There is no question that this firearm was brought into the Waterleaf restaurant and presented to a person as a gift.  The bringing of that firearm into an establishment that sells intoxicating beverages is in fact a violation of the Criminal Code, section 24-1(a)8.
(10) Carries or possesses on or about his person, upon any public street, alley, or other public lands within the corporate limits of a city, village or incorporated town, except when an invitee thereon or therein, for the purpose of the display of such weapon or the lawful commerce in weapons, or except when on his land or in his own abode, legal dwelling, or fixed place of business, or on the land or in the legal dwelling of another person as an invitee with that person’s permission, any pistol, revolver, stun gun or taser or other firearm, except that this subsection (a) (10) does not apply to or affect transportation of weapons that meet one of the following conditions:
(i) are broken down in a non-functioning state; or
(ii) are not immediately accessible; or
(iii) are unloaded and enclosed in a case, firearm carrying box, shipping box, or other container by a person who has been issued a currently valid Firearm Owner’s Identification Card.
Breuder had the firearm delivered to himself at the COD campus.  Upon receipt of that firearm, he was in possession of a firearm on public land within the corporate limited of the Village of Glen Ellyn.  The three exemptions listed in section 10 appear to not apply in this case because those exemptions are applicable to the transportation of, not the possession of the firearm.
So there is no confusion, there is a distinct difference between possession and transportation.  In section 10, had the legislature wanted to include the exemptions for possession they would have done so as they did in Sec. 24-1.6.(c) which states:
(c) This Section does not apply to or affect the transportation or possession of weapons that:
(i) are broken down in a non-functioning state; or
(ii) are not immediately accessible; or
(iii) are unloaded and enclosed in a case, firearm carrying box, shipping box, or other container by a person who has been issued a currently valid Firearm Owner’s Identification Card.

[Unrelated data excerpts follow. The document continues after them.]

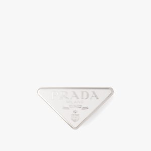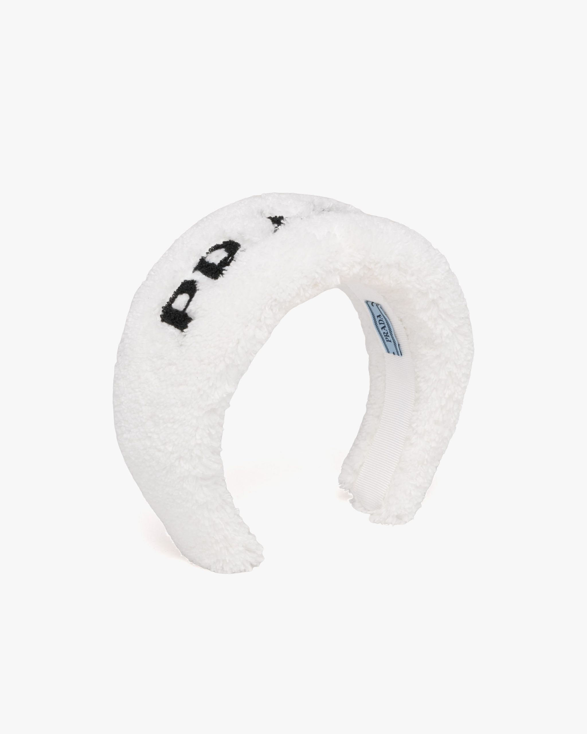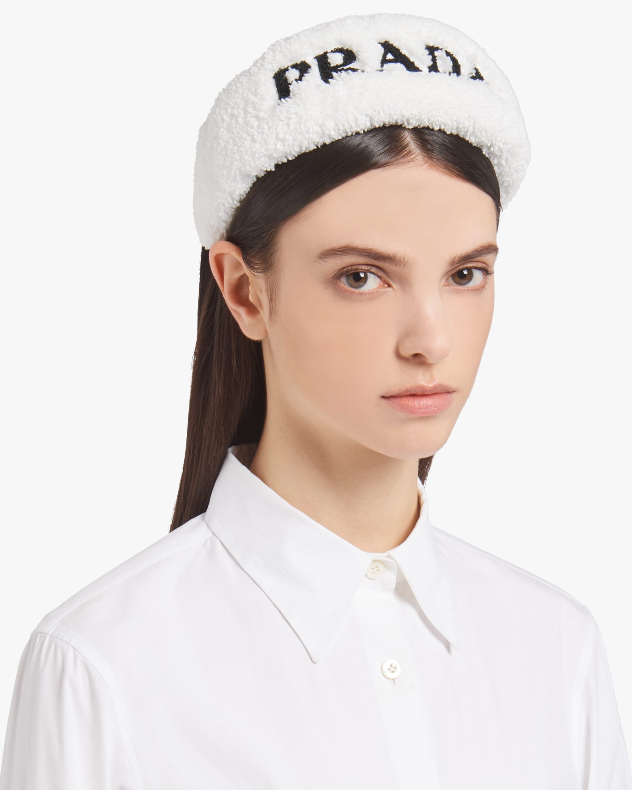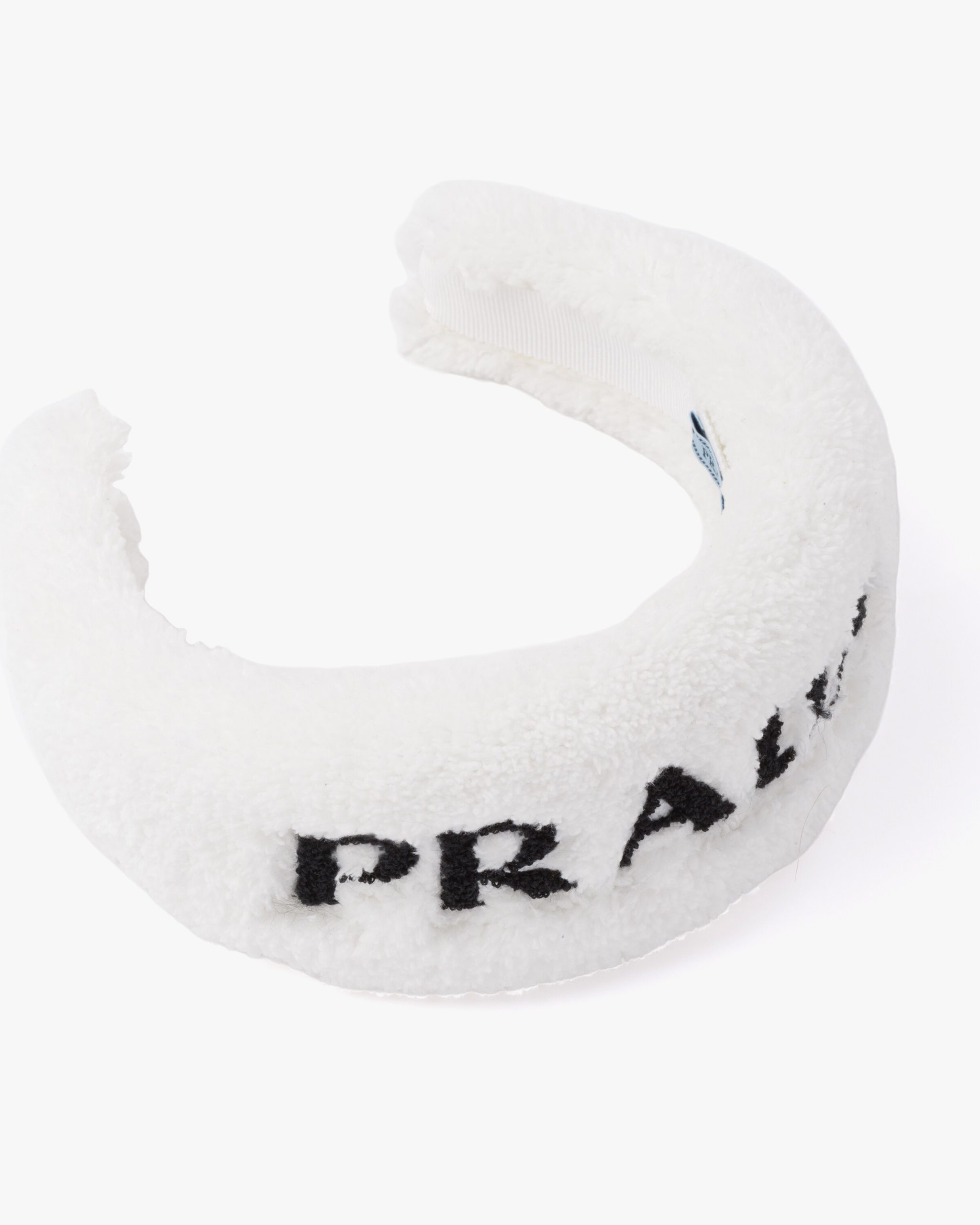 A sophisticated and emblematic accessory of Prada collectsions, the puffy headband with a beguiling rounded design is reinvented in a hybrid way that recalls the terry headbands of vintage sportswear. The maxi lettering logo embroidered in a contrasting color decorates the accessory.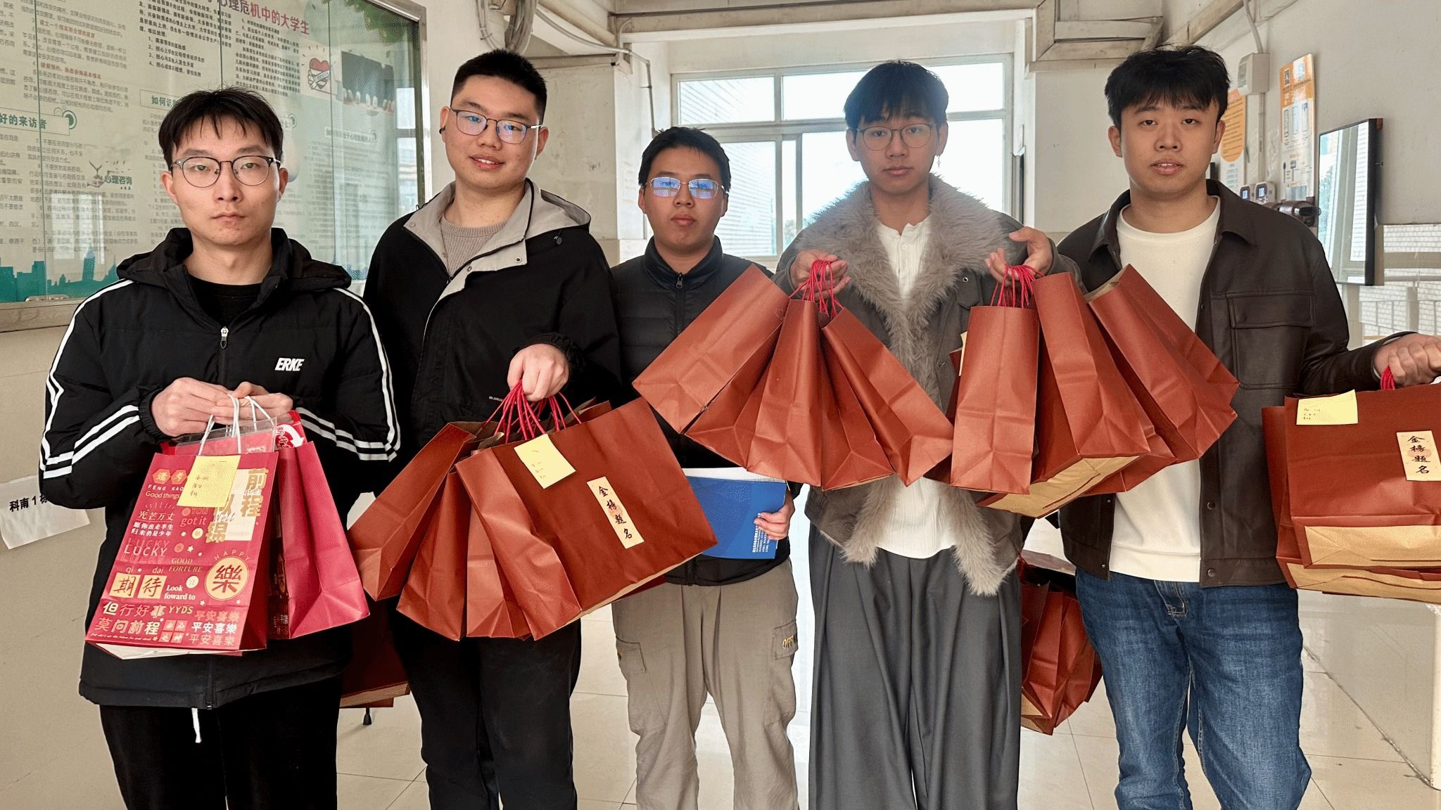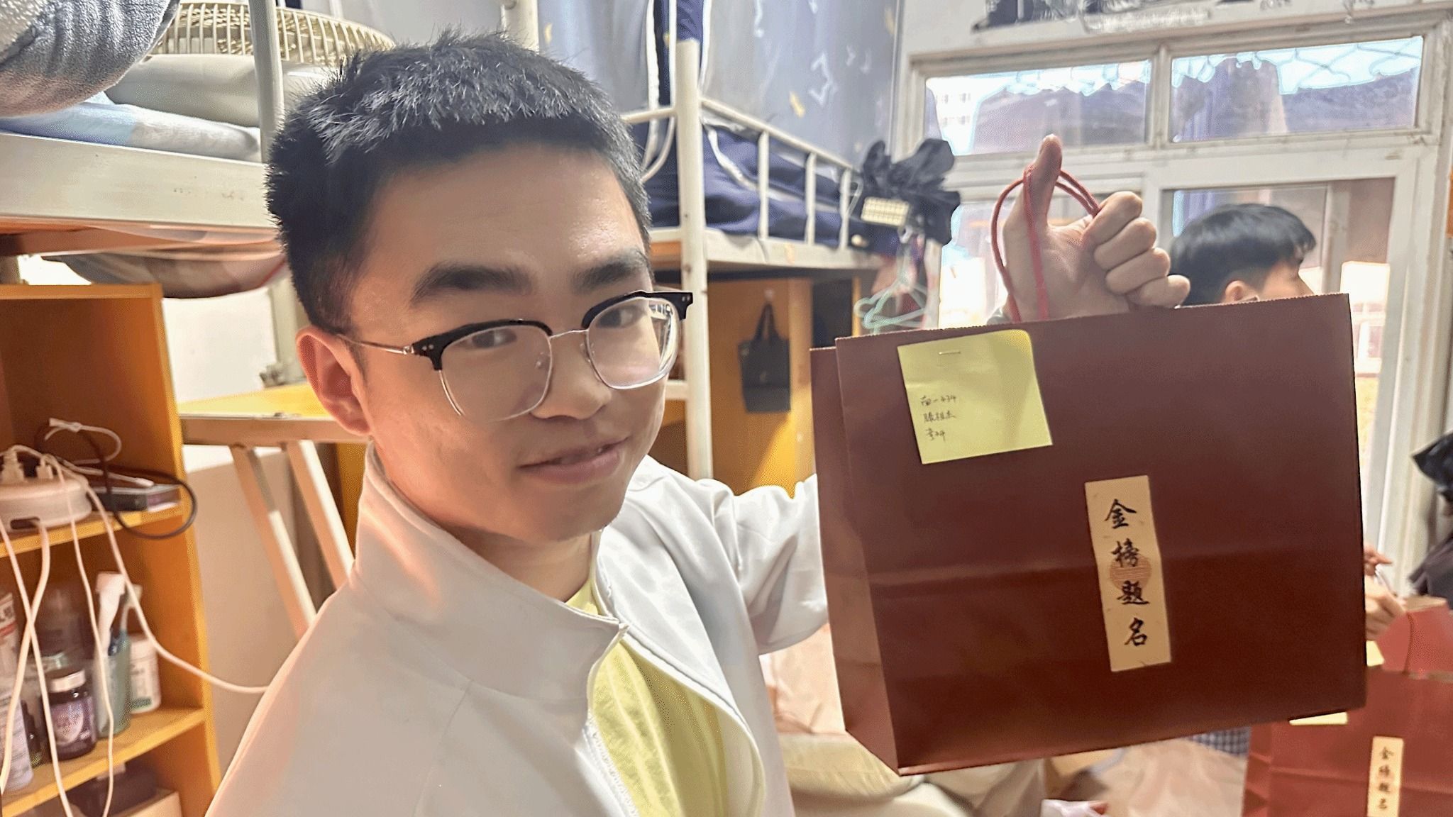 曾宪森表示:“无论是挑灯夜读的考研人、勤学苦练的考公者,还是在就业路上摸索前行的同学,你们的努力与坚持,学院都看在眼里、记在心里。学院永远是你们最坚实的后盾,愿大家都能在逐梦路上披荆斩棘、收获成功!”据悉,曾宪森同学生党员志愿者们将“暖冬礼包”送进每一位备考学生的宿舍,共计151间寝室,把这份满载关怀的温暖精准送到学子手中。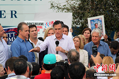 当地时间1月29日,美国共和党总统参选人、前马萨诸塞州州长罗姆尼在佛罗里达迈阿密郊外举行盛大造势活动,展开选战“冲刺”,吸引大批支持者前来助威。中新社记者李洋 摄
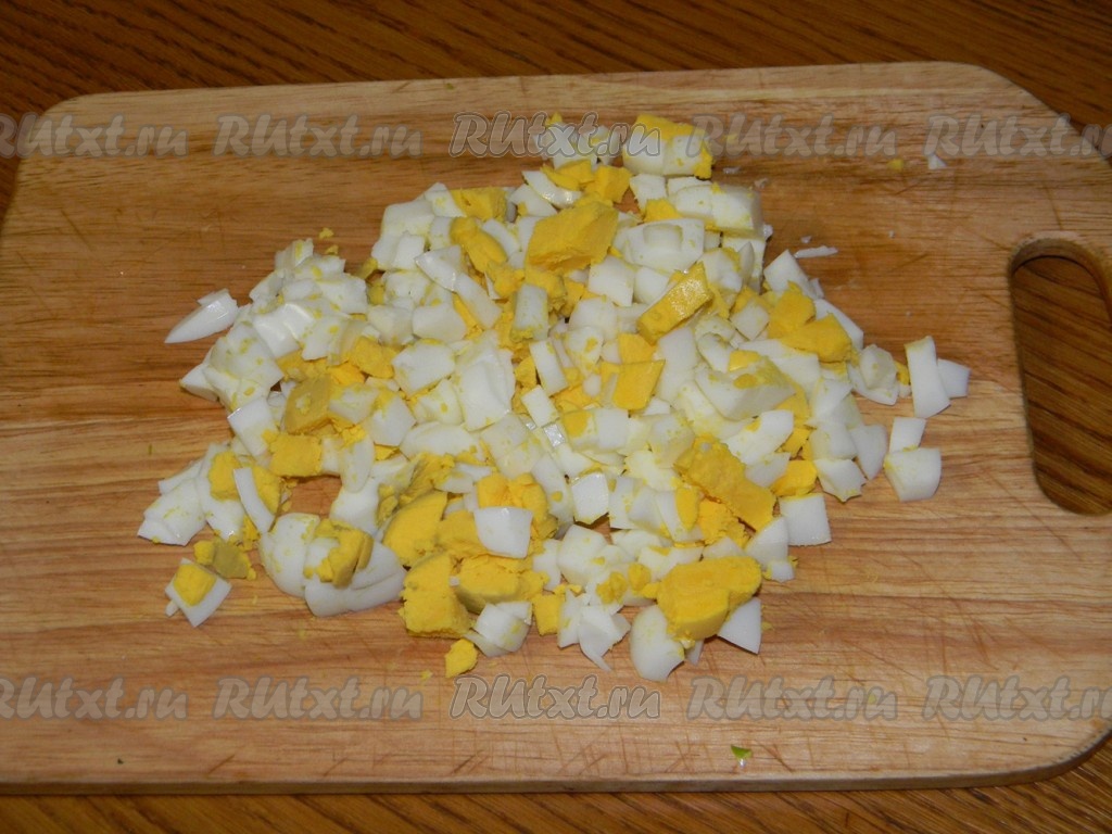 Яйца сварить вкрутую, очистить и нарезать кубиками.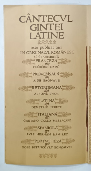 CANTECUL GINTEI LATINE de VASILE ALECSANRI , APARUT CU OCAZIA LOCURILOR LATINITATII , AVIGNON , MAI 1978 , SEMNATA DE PARTICPANTII ROMANI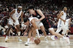 20岁的年轻小将、开拓者16号秀、中国中锋杨瀚森本场比赛表现从容不迫,他出战23分35秒,7投3中,三分3中1,罚球4中3,得到10分4篮板5助攻1抢断3盖帽,出现3失误和6犯规(夏联10犯离场)无伤大雅,正负值+19。

Considering section (10) is void of the possession language it becomes clear the exemptions listed were specific to transportation of the firearm. 

(c) Violations in specific places.
(1.5) A person who violates subsection 24-1(a)(4), 24-1(a)(9), or 24-1(a)(10) in any school, regardless of the time of day or the time of year, in residential property owned, operated, or managed by a public housing agency or leased by a public housing agency as part of a scattered site or mixed-income development, in a public park, in a courthouse, on the real property comprising any school, regardless of the time of day or the time of year, on residential property owned, operated, or managed by a public housing agency or leased by a public housing agency as part of a scattered site or mixed-income development, on the real property comprising any public park, on the real property comprising any courthouse, in any conveyance owned, leased, or contracted by a school to transport students to or from school or a school related activity, in any conveyance owned, leased, or contracted by a public transportation agency, or on any public way within 1,000 feet of the real property comprising any school, public park, courthouse, public transportation facility, or residential property owned, operated, or managed by a public housing agency or leased by a public housing agency as part of a scattered site or mixed-income development commits a Class 3 felony.
By all indications, the act of Breuder having a firearm shipped to the College Campus and bringing it into the Waterleaf violates multiple state statutes of which a section (10) violation constitutes a class 3 felony while section (8) constitutes a class 4 felony.

As additional research is completed we will update accordingly.